No bad blood at conference’s spring meetings, but divorce between ACC, Florida State and Clemson still likely

May 14, 2024
6 mins read
No bad blood at conference’s spring meetings, but divorce between ACC, Florida State and Clemson still likely



AMELIA ISLAND, Fla. — It’s business as usual in the ACC for Florida State and Clemson at the conference’s annual spring meetings, even as the schools continue to argue with the conference inside the courtroom.

The ACC is a battlefield, with Florida State and Clemson locked in several legal disputes as they challenge the league’s charter and contemplate an exit from the conference. The catalyst for this turmoil is the growing revenue disparity between the ACC and the more financially robust Power 2 conferences (Big Ten and SEC), which can amount to up to $40 million per year for their members.

For now, everyone is acting professionally, even if it seems inevitable that Clemson and Florida State’s marriage to the ACC is coming to an end. Clemson and Florida State administrators were not excluded from meetings this week at the conference’s spring meeting and the lawsuits – FSU v. ACC, ACC v. FSU, Clemson v. The athletic directors were friendly and professional. Alford joked with his colleagues. Wake Forest AD John Currie even got a laugh from Alford when he leaned behind his colleague during an impromptu meeting with the media.

And no one spoke quietly in the hallways of the Ritz-Carlton as the meetings stretched into Tuesday night.

Still, the unspoken question persisted: Is this marriage salvageable?

“Let’s just hope that happens,” Florida State athletics director Michael Alford said Tuesday. “We have great partners in this conference, great relationships, but at the end of the day, we have to do what’s best for the state of Florida and look at the changing environment of college athletics and make sure we’re there to be successful.”

Alford says there is “no ill will in the room” at conference meetings. Money, however, drives everything – and can harm relationships, no matter how strong they are. A year ago here, Florida State and Clemson successfully pushed for new “success initiatives” that would reward ACC schools for his success on the field. Those revenue structures are still being tweaked, Alford said.

It was also here a year ago that news leaked that seven ACC schools had explored possible exits from the conference after studying the league’s strict rights grant. Such an exit before the media agreement with ESPN expires (2036) could cost schools more than $500 million each.

Since then, the Florida State Board of Trustees has held several meetings to discuss the university’s future in the ACC. In August, trustee Justin Roth asked Alford and university president Richard McCullough for an exit plan by August 2024.

“If you go back to the president and I, we never said, ‘Hey, we want to leave the conference,’” Alford said. “We’re letting the court process play out. Our job is to make sure, with all the changes in college athletics — and I’ve said this for the last two years — it’s to make sure that the state of Florida is in the best possible position to be successful.”
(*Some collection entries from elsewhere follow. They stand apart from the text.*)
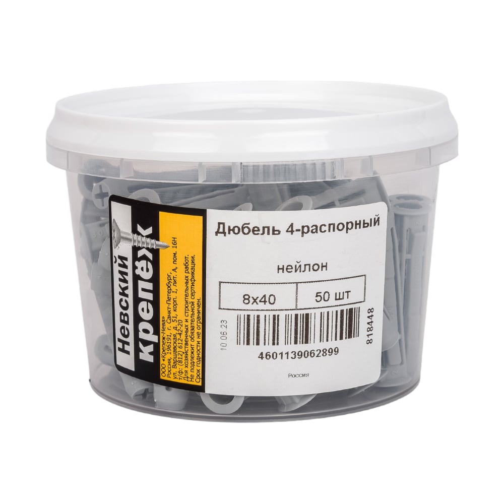 Дюбель Невский Крепеж 4-распорный 8 (8x40), нейлон, 50 шт., ведро малое НК 818448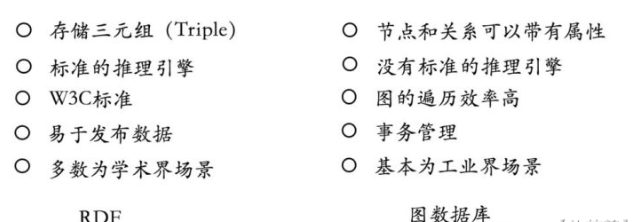主要数据模型有RDF图和属性图两种,形成了RDF数据的三元组库和属性图的图数据库。一种是基于 RDF 的存储;另一种是基于图数据库的存储。它们之间的区别如下图所示。RDF 一个重要的设计原则是数据的易发布以及共享,图数据库则把重点放在了高效的图查询和搜索上。RDF 以三元组的方式来存储数据而且不包含属性信息,但图数据库一般以属性图为基本的表示形式,所以实体和关系可以包含属性,这就意味着更容易表达现实的业务场景。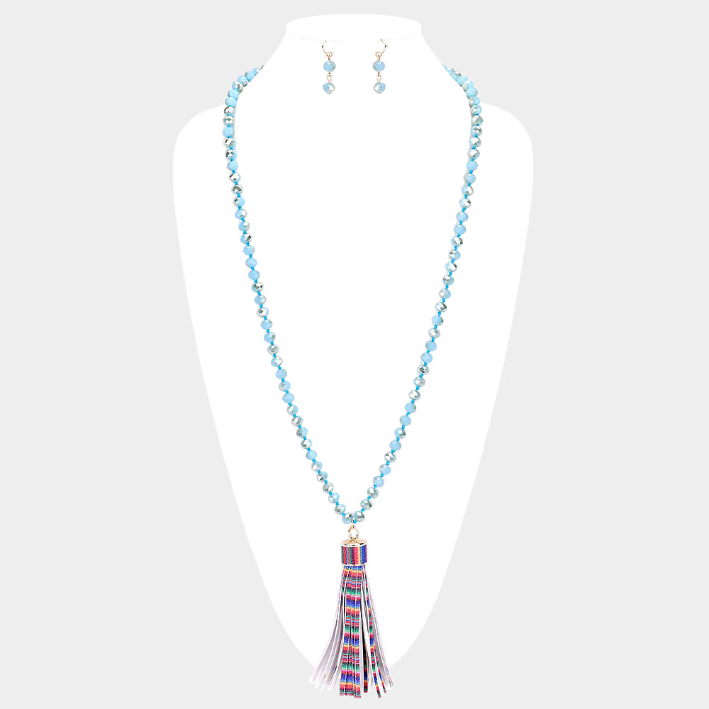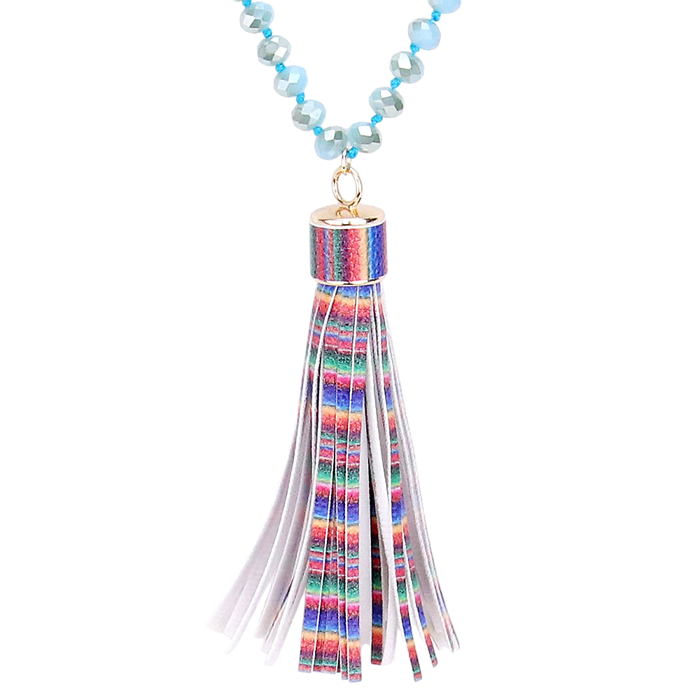 Serape Faux Leather Tassel Faceted Bead Long Necklace

Clemson athletics director Graham Neff declined to comment when contacted by CBS Sports.

Developments in college athletics have also loosened the ACC’s grip as a power player. Undefeated Florida State was excluded from the College football Playoff in December, perhaps rushing FSU to file suit against the ACC. Earlier this year, the CFP opted to provide the ACC with 17% of revenue shares starting in 2026, which equates to about $8 million less than its Big Ten and SEC counterparts. Meanwhile, the college athletics model is headed toward implosion as the The House v. NCAA could be resolved as early as May 23, according to Dennis Dodd of CBS Sports. The deal will likely put schools under pressure for a new player revenue-sharing model that will cost between $15 million and $25 million per year.

Meanwhile, the unrest continues at the ACC. North Carolina trustees this week expressed frustration over a growing revenue disparity and openly criticized longtime athletics director Bubba Cunningham on Monday over an expected $17 million shortfall in the school’s athletics budget. .

“I don’t really have any reaction,” Cunningham said Monday after leaving a meeting of ACC athletics directors. “I haven’t spoken to anyone. You know I’ve been here the whole time.”

The UNC Board of Trustees will meet Thursday and Cunningham will participate in that meeting to address those concerns.

The landscape has changed and will continue to change. The Pac-12 has all but dissolved – only Oregon State and Washington State remain. The Big Ten is expanding, as is the ACC, which has broken geographic lines with the addition of Cal and Stanford in addition to SMU. The SEC is adding Oklahoma and Texas. The Big 12 added eight schools in the span of one calendar year.

In the ACC, Clemson and Florida State might just be the lynchpin of another round of chaos.

“We’re looking at two institutions that want success and see the changing environment in college sports and want programs to compete at the highest level and understand that in order to compete at that higher level, we need to have our options available,” Alford said. . “And I’m speaking, actually, on behalf of the state of Florida, that we need to have our options, but I assume Clemson is also looking at the same model that’s happening on the college scene and wants its programs to compete at the national level, the a national elite level.”